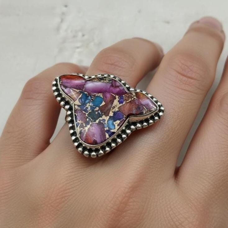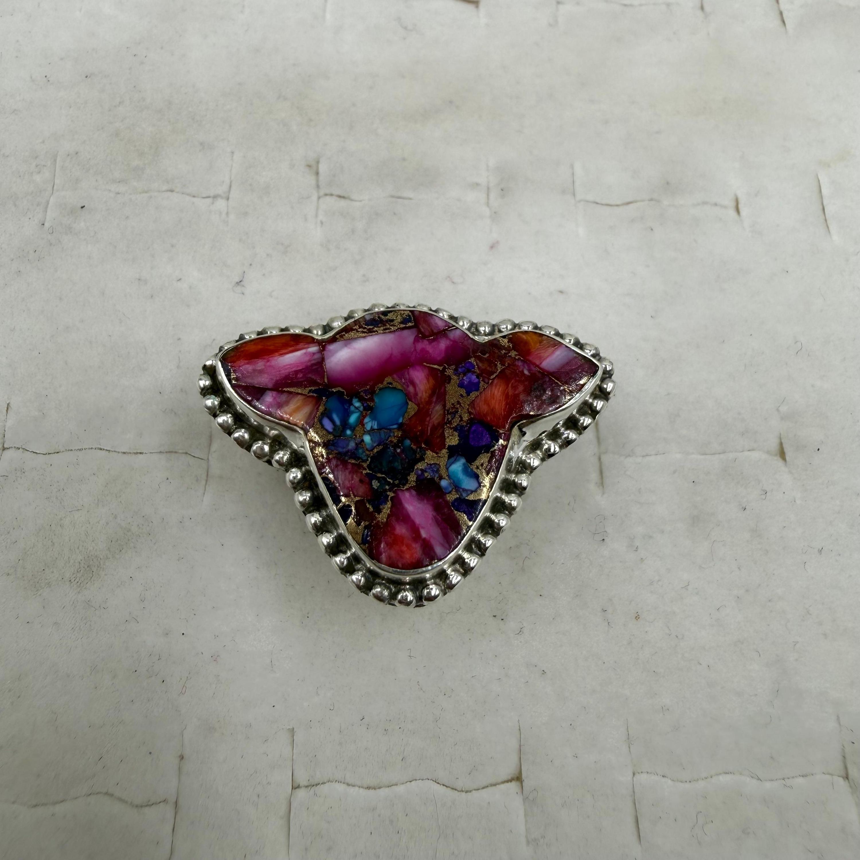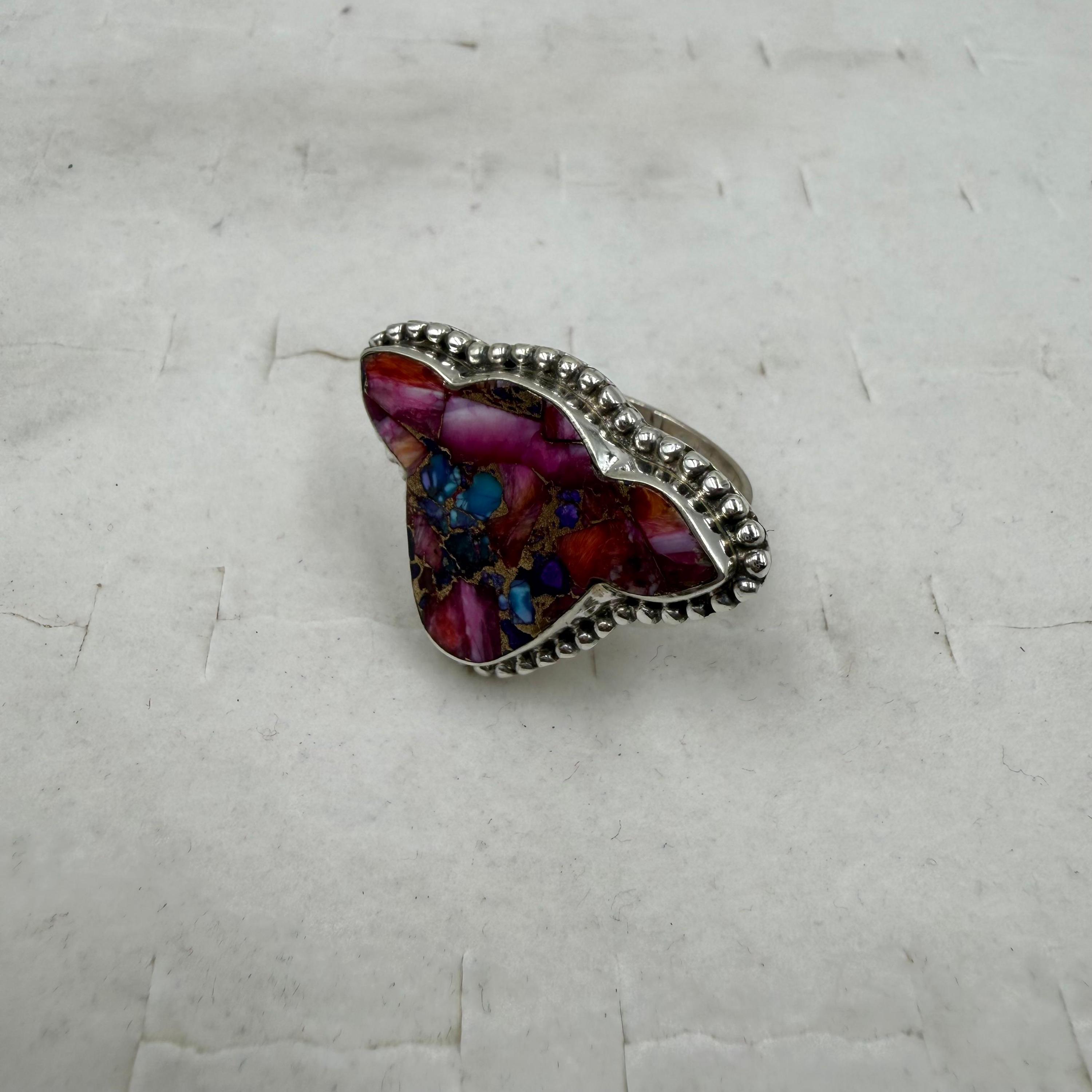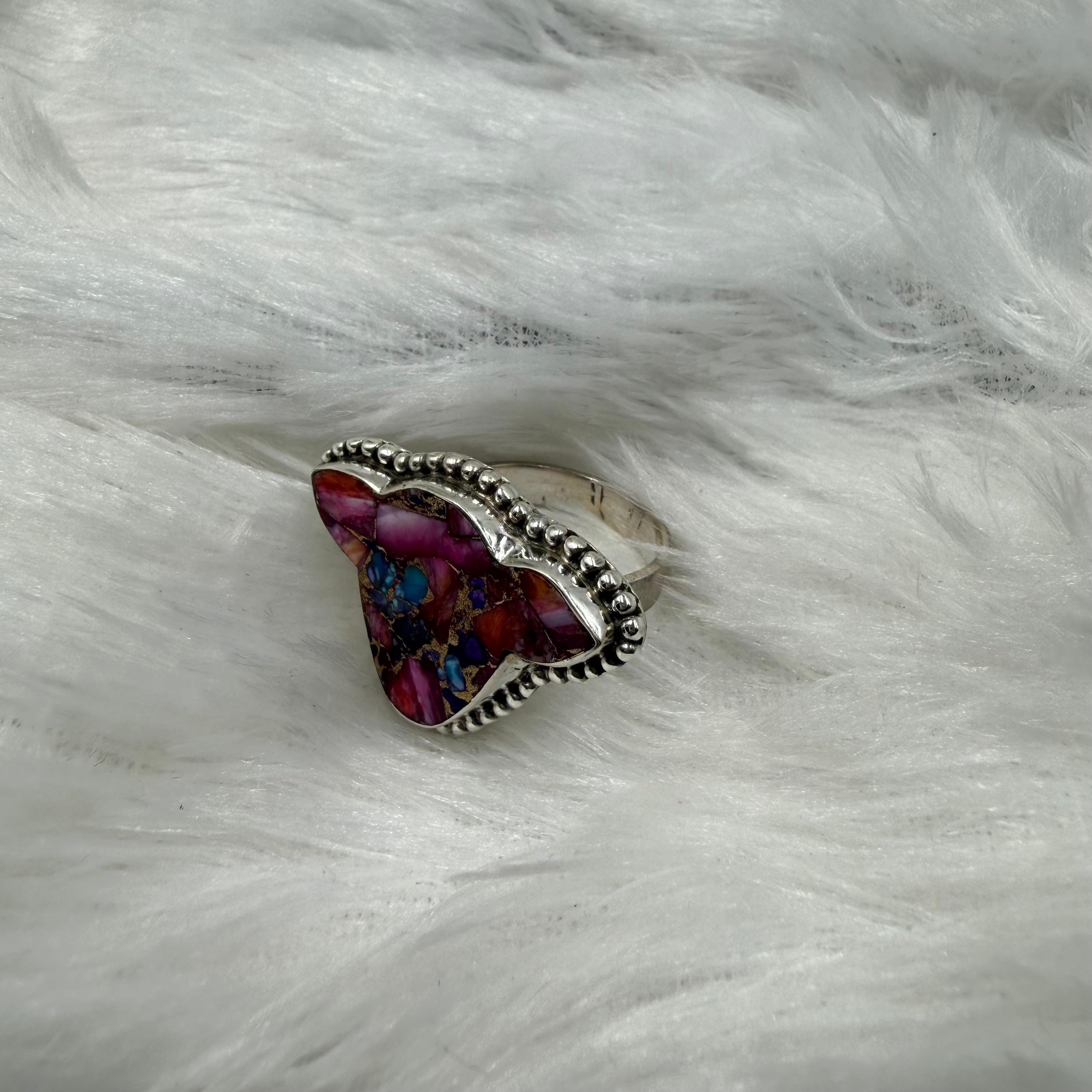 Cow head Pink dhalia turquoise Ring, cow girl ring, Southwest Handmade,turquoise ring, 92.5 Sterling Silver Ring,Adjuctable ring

==

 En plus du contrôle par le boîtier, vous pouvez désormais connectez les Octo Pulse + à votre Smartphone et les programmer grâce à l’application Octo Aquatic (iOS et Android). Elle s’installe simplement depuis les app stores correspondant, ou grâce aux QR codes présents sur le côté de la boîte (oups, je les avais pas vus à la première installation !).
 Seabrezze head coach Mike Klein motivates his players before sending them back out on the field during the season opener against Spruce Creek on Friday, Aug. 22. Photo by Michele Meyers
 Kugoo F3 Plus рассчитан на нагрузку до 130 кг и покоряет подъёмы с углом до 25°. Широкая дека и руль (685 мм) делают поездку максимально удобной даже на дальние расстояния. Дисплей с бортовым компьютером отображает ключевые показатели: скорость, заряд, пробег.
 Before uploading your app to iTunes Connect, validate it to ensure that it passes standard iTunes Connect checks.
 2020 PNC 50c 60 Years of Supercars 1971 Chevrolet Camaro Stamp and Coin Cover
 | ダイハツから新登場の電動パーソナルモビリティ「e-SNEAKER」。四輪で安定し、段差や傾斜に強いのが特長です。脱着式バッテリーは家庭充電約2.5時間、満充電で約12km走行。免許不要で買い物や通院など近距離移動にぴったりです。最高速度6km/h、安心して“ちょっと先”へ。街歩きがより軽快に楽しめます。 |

# [PROMPT]
In the data above, retype exactly and only the lines between the one holding "En plus du contrôle" and the one holding "Seabrezze head coach", inclusive.

# [RESULT OF THE EXERCISE]
 En plus du contrôle par le boîtier, vous pouvez désormais connectez les Octo Pulse + à votre Smartphone et les programmer grâce à l’application Octo Aquatic (iOS et Android). Elle s’installe simplement depuis les app stores correspondant, ou grâce aux QR codes présents sur le côté de la boîte (oups, je les avais pas vus à la première installation !).
 Seabrezze head coach Mike Klein motivates his players before sending them back out on the field during the season opener against Spruce Creek on Friday, Aug. 22. Photo by Michele Meyers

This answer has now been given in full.